Ayer los rumores sobre el envío al Congreso de un proyecto de ley para estatizar YPF fueron la nota del día. En el costado político es una decisión consistente con el rumbo nacionalista a ultranza que decidió adoptar el gobierno de Cristina al ver que una política más ortodoxa de ajuste tenía costos políticos internos difíciles de digerir (como ilustra el post de ayer sobre España ni un supuesto halcón fiscal como Mariano Rajoy es sabio en el arte de ajustar).
En el costado económico el gobierno pretendería, según los rumores, hacerse del control de YPF comprando solamente el 50,01% del paquete accionario. Esta idea tiene sentido considerando los desequilibrios fiscales que atraviesa el país y resultaría, inevitablemente, en la expropiación del capital del resto del 49,99% (cualquier similitud en este razonamiento con lo que piensa el 46% que no votamos a Cristina no es pura casualidad). ¿Por qué? Pues el gobierno no manejaría la empresa con criterio de maximización de beneficios, sino con criterio “social” de aumentar la inversión y producción de petroleo y gas, sin aumentar los precios al consumidor final de estos productos. A la larga esta política se sabe que termina con una empresa quebrada (como lo estaba YPF antes de su privatización en los noventa).

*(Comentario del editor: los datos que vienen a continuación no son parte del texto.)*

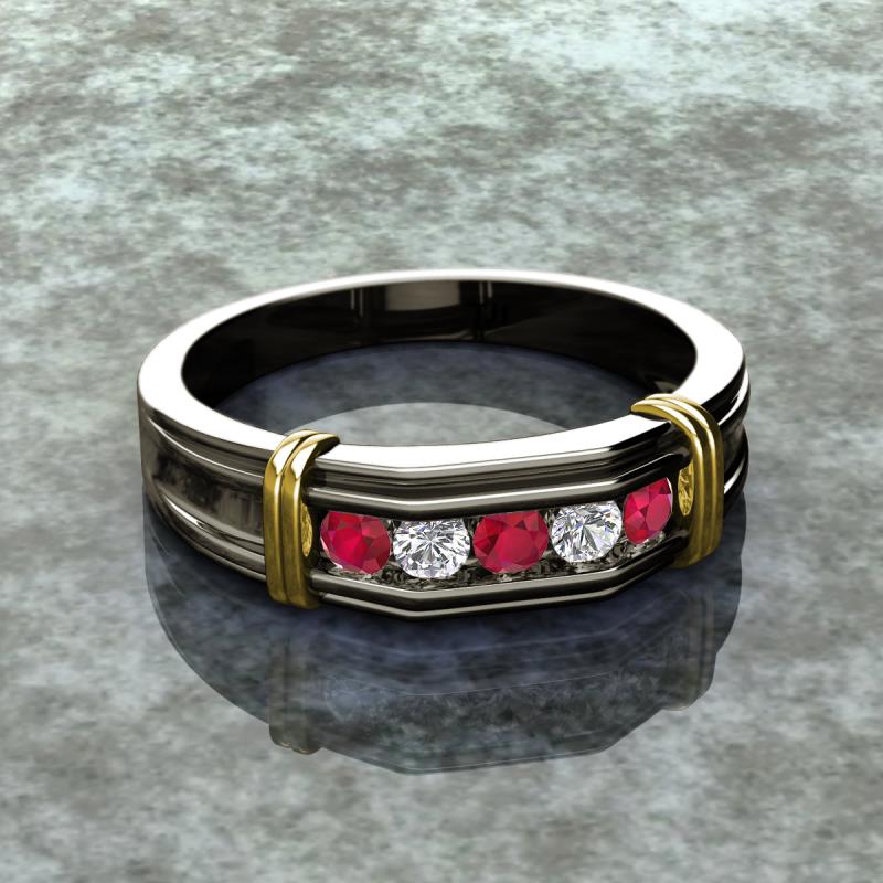0.50 ctw Round 5 Ruby and Natural Diamond (3 mm) using Channel setting Men Wedding Band in 18K Gold More Details ...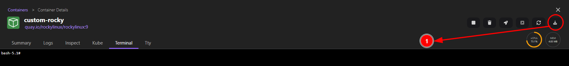 Still in Podman Desktop --> Containers --> Your New Container --> Terminal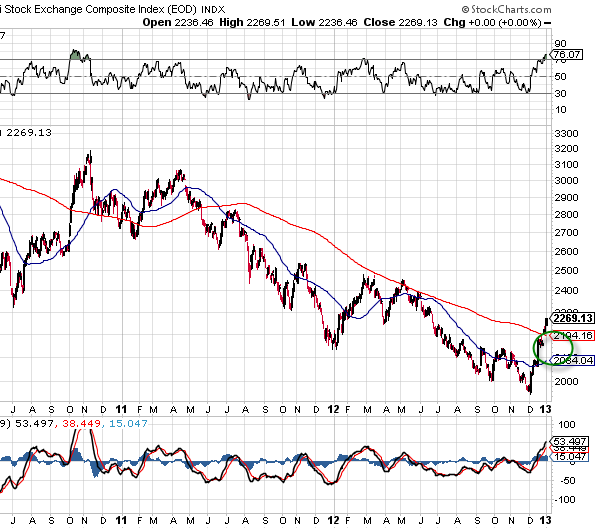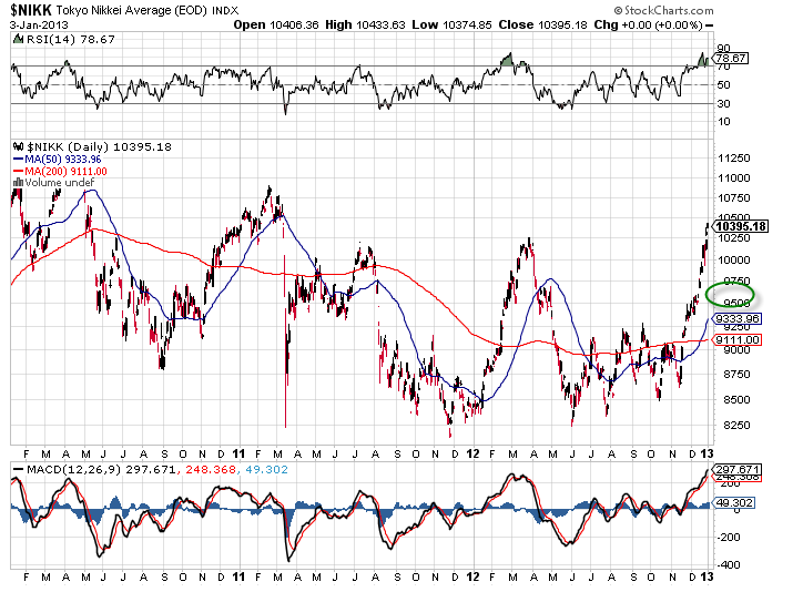 Cela fait maintenant plus d’un mois que je vous ai proposé de suivre les marchés chinois avec le shanghai composite et le marché japonais avec le Nikkei en vous disant que résidait là, dans ces deux marchés, un très fort potentiel de diversification et de performance pour les portefeuilles boursiers sur le long terme avec le renouveau engagé de ces deux marchés, il semble donc maintenant établi qu’il faudra compter sur ces deux marchés en 2013 pour apporter un surplus de performance. Bien entendu, il conviendra d’attendre une consolidation dorénavant, pour celles et ceux qui ne sont pas encore placés. Et vous que pensez-vous de ces marchés ?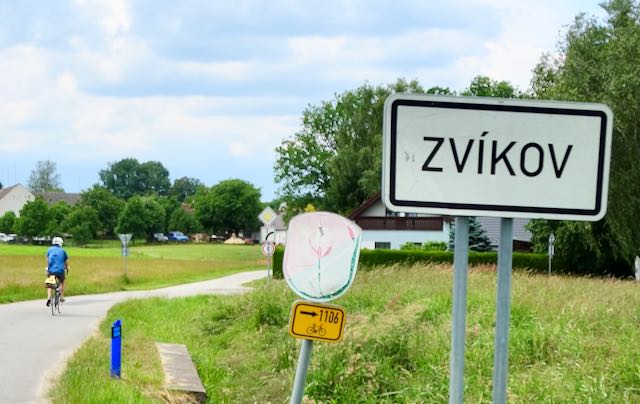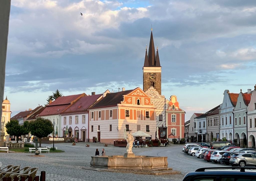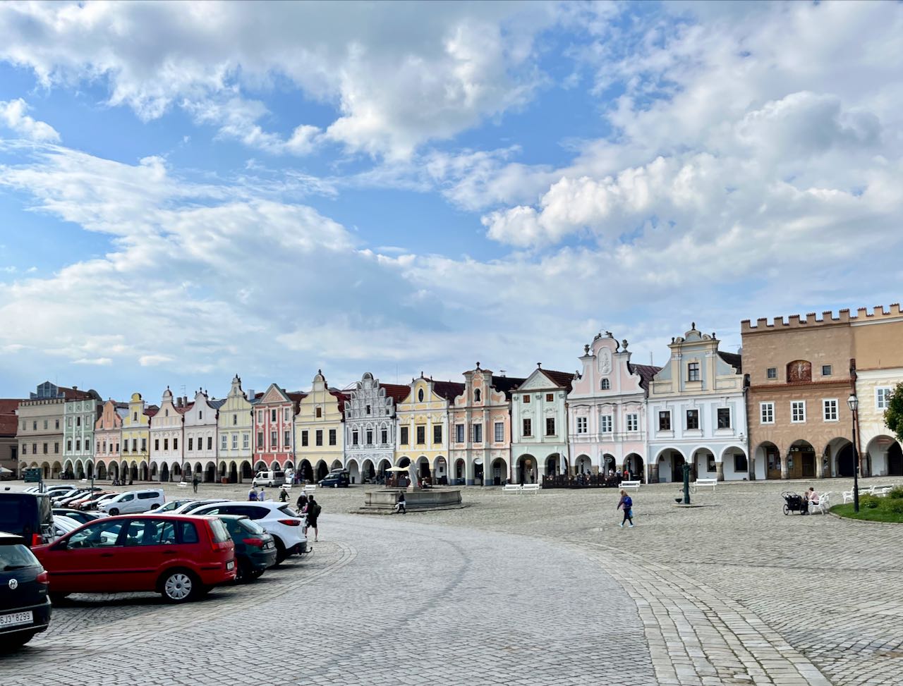 Our destination this new day would be the town of Telc, a little less than fifty kilometers away. Telc was billed as one of the most intact medieval town squares in Czechia. Before the rain started, the cycling this day was delightful; forests, small towns, almost no car traffic.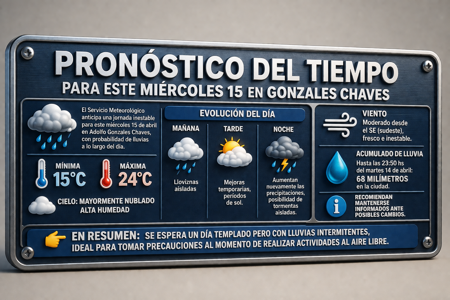 El Servicio Meteorológico anticipa una jornada inestable para este miércoles 15 de abril en Adolfo Gonzales Chaves, con probabilidad de lluvias a lo largo del día.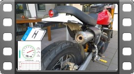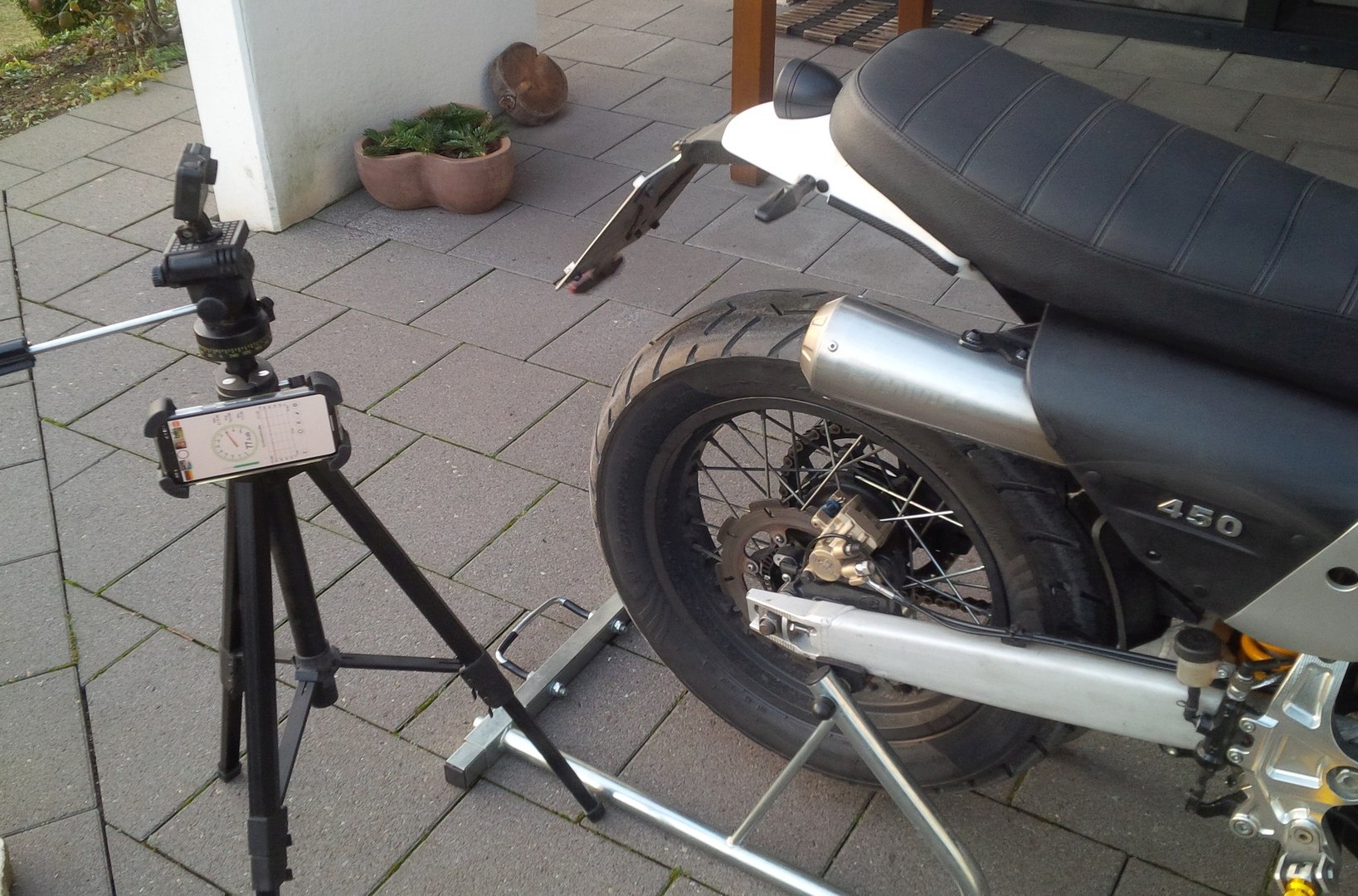 ![]() Ich hatte bereits vorab eine Schallmessung mit dem originalen Schalldämpfer gemacht. Natürlich habe ich kein geeichtes Messgerät, wie es die Polizei verwendet. Aber beim Messaufbau habe ich mich an die amtlichen Vorgaben gehalten: Das Mikrofon in Höhe der Auspuffmündung. Die Mikrofonkapsel gegen die Ausströmöffnung der Abgase, in einem Winkel von 45 Grad und in einer Entfernung von 0,5 Meter. Die in der Zulassungsbescheinigung angegebene Drehzahl von 3.750 rpm (± 5 %) einstellen. Wenn ich das genauso mit dem MIVV Schalldämpfer messe, kann ich zumindest vergleichen, ob der neue Auspuff lauter oder leiser ist. Große Überraschung bei der neuen Messung: Das Motorrad ist ein bis zwei dB LEISER! Gefühlt hätte ich behauptet, es ist etwas lauter. Aber der Klang ist einfach nur anders, etwas aggressiver. Ich mache erst mal nichts am DB-Eater und warte ab, wie sich das Motorrad fährt. Bei der ersten Testfahrt hatte ich den Eindruck, dass der Motor im mittleren Drehzahlbereich kräftiger geworden ist, dafür aber etwas schlechter ausdreht. Die im Fahrzeugschein angegebene Höchstgeschwindigkeit von 139 km/h wird immer noch locker erreicht, aber dann geht es nicht so flott weiter wie mit dem originalen Auspuff. Es scheint, dass das fehlende zweite Rohr die Maschine etwas drosselt. Beim Viertakter ist der Staudruck des Auspuffs für die Maximalleistung eher störend, anders als beim Zweitakter, wo der sogar benötigt wird. Beim Viertakter gilt grob gesagt: Je offener und je lauter, umso mehr Leistung. Aber egal, ich fahre meist nur auf Landstraßen und fast nie auf Autobahnen. Da ist der Durchzug sowieso viel wichtiger als die Höchstgeschwindigkeit. Außerdem ist mir die nochmals stärkere Hitzeentwicklung unter dem Seitendeckel aufgefallen. Muss auch daran liegen, dass nun alle Abgase durch ein Rohr strömen anstatt zwei. Dazu habe ich nun zusätzlich zu der Hitzeschutzfolie an Batteriekasten und Seitendeckel noch Hitzeschutzband an der Stelle um den Krümmer gewickelt.

El problema que encontró el gobierno para realizar el anuncio ayer es el flanco jurídico. Los estatutos de la empresa especifican que si un accionista compra más del 15% de las acciones está obligado a hacer una oferta por el total de las acciones de la misma. ¿Para qué está esta cláusula? Justamente para obligar a un comprador que actuara con motivos estratégicos difierentes de la maximización de beneficios (no solo el Estado, pudo haber sido un competidor privado que, por algún motivo, buscara hacer a la empresa menos eficiente), y que quisiera hacerse del control de la empresa, a ofrecer una salida razonable a los accionistas minoritarios existentes. Basta mirar la cantidad de ejemplos de empresas que se privatizan y estatizan en el sector (no solo en Argentina, sino en Bolivia, Ecuador, y Venezuela solamente en América Latina) para entender que esta era, y es, una preocupación coherente.